> **What the task asks**
Pictures must not appear in the copy. Set down exactly the line with "Upacara ziarah dipimpin" and each line after it through the end of the data below.

(Data entries)
- Opening Delimiter -
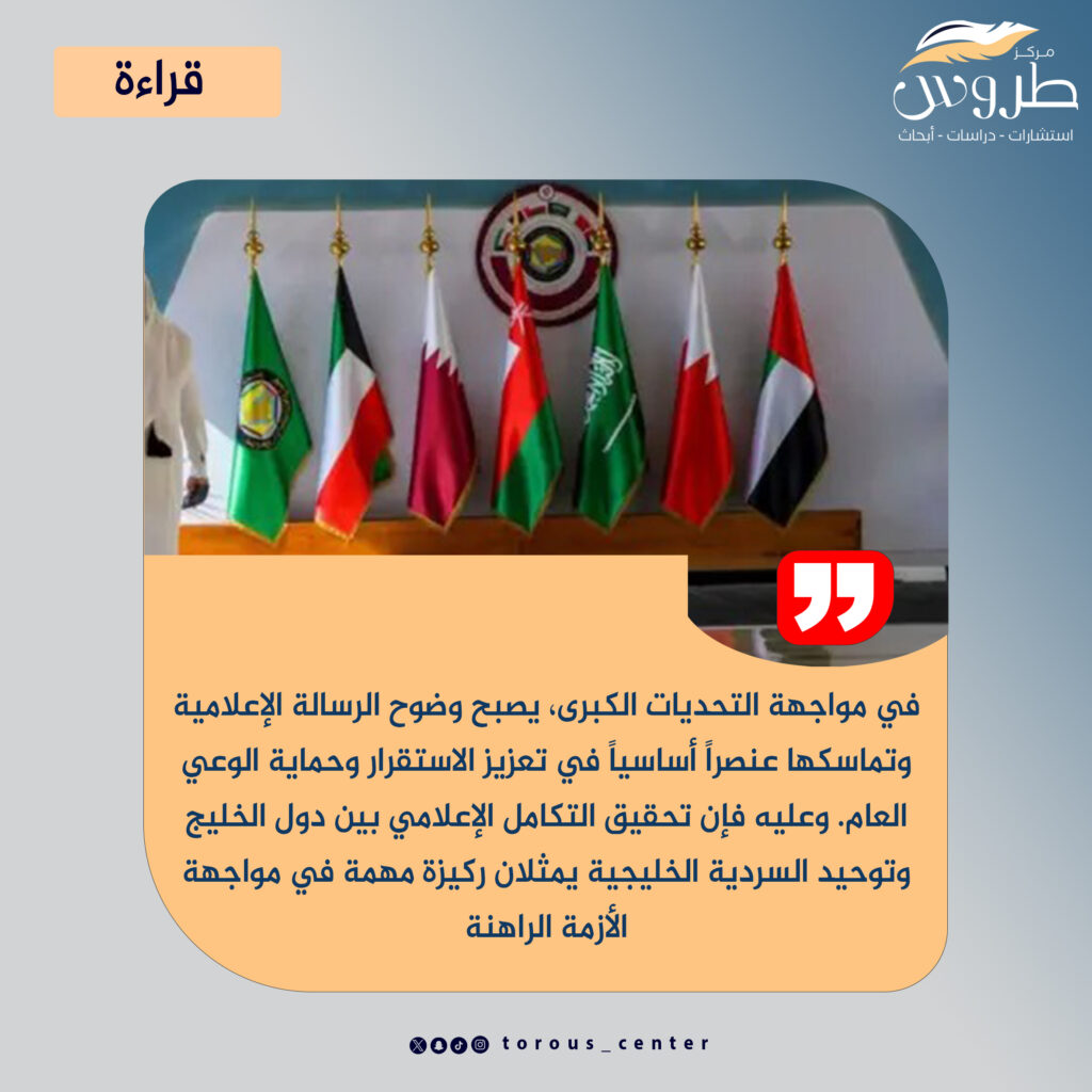 من هنا تبرز أهمية التكامل الإعلامي بين دول الخليج وتوحيد السردية الخليجية، لتتمكن من تقديم رواية متماسكة تعكس حقيقة التهديدات التي تواجه المنطقة.
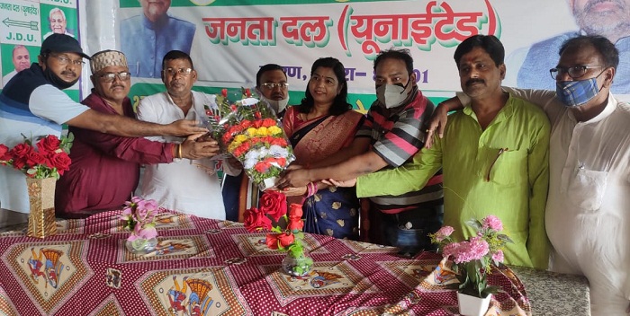 Chhapra: सारण जिला जनता दल (यू०) के वरीय नेताओं ने कार्यालय में एक सम्मान समारोह का आयोजन कर नगर परिषद छपरा की पूर्व अध्यक्ष शोभा देवी को जिन्हें सारण लोकसभा के महिला प्रकोष्ठ का प्रभारी नियुक्त किया गया है को बधाई दी गयी.
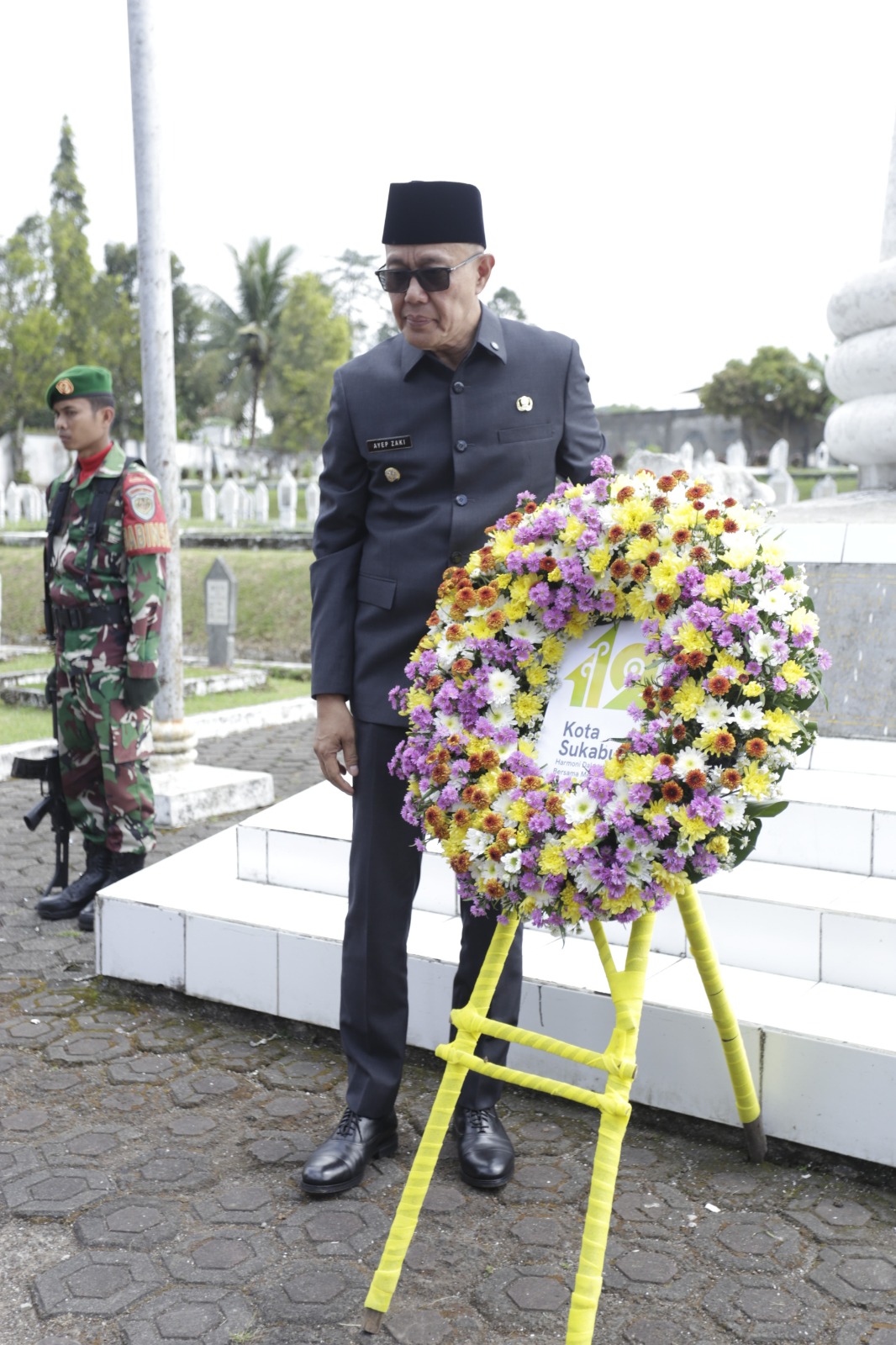 Upacara ziarah dipimpin langsung oleh Wali Kota Sukabumi H. Ayep Zaki, S.E., M.M., selaku pimpinan rombongan, dengan Wakil Wali Kota Bobby Maulana, Bertindak sebagai Perwira Upacara Kapten Inf Maman Sulaeman (Pasi Pers Kodim 0607/Kota Sukabumi). Kegiatan diikuti sekitar 300 peserta dari unsur TNI, Polri, pemerintah daerah, serta berbagai elemen masyarakat.
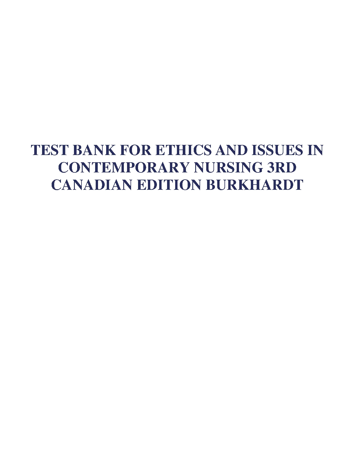 TEST BANK FOR ETHICS AND ISSUES IN CONTEMPORARY NURSING 3RD CANADIAN EDITION BURKHARDT. DOWNLOAD on www.hackedexams.com INSTANTLY.
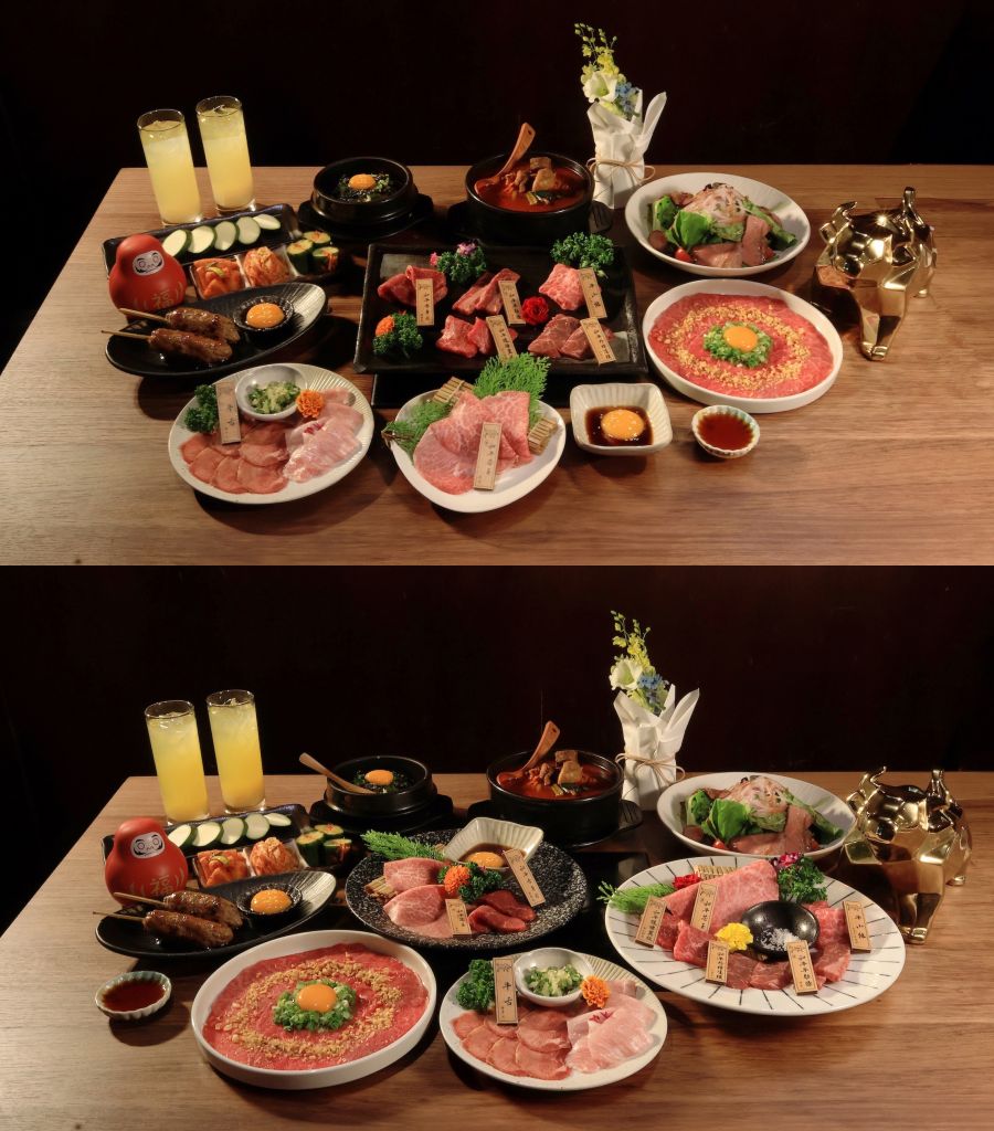 月見套餐規劃月見肉丸、月見拌飯及日本賞月必備甜點月見団子3款應景日本傳統美食,嚴選日本、美國與紐西蘭3國8種口感肉品,提供牛小排、薄片牛舌、牛肋條、橫隔膜、後腰翼板、涮涮燒、赤身肉等品項,還有松阪豬肉、5款蔬食小點飲品共16種品項。
- Closing Delimiter -
> **Your solution**
 Upacara ziarah dipimpin langsung oleh Wali Kota Sukabumi H. Ayep Zaki, S.E., M.M., selaku pimpinan rombongan, dengan Wakil Wali Kota Bobby Maulana, Bertindak sebagai Perwira Upacara Kapten Inf Maman Sulaeman (Pasi Pers Kodim 0607/Kota Sukabumi). Kegiatan diikuti sekitar 300 peserta dari unsur TNI, Polri, pemerintah daerah, serta berbagai elemen masyarakat.
 TEST BANK FOR ETHICS AND ISSUES IN CONTEMPORARY NURSING 3RD CANADIAN EDITION BURKHARDT. DOWNLOAD on www.hackedexams.com INSTANTLY.
 月見套餐規劃月見肉丸、月見拌飯及日本賞月必備甜點月見団子3款應景日本傳統美食,嚴選日本、美國與紐西蘭3國8種口感肉品,提供牛小排、薄片牛舌、牛肋條、橫隔膜、後腰翼板、涮涮燒、赤身肉等品項,還有松阪豬肉、5款蔬食小點飲品共16種品項。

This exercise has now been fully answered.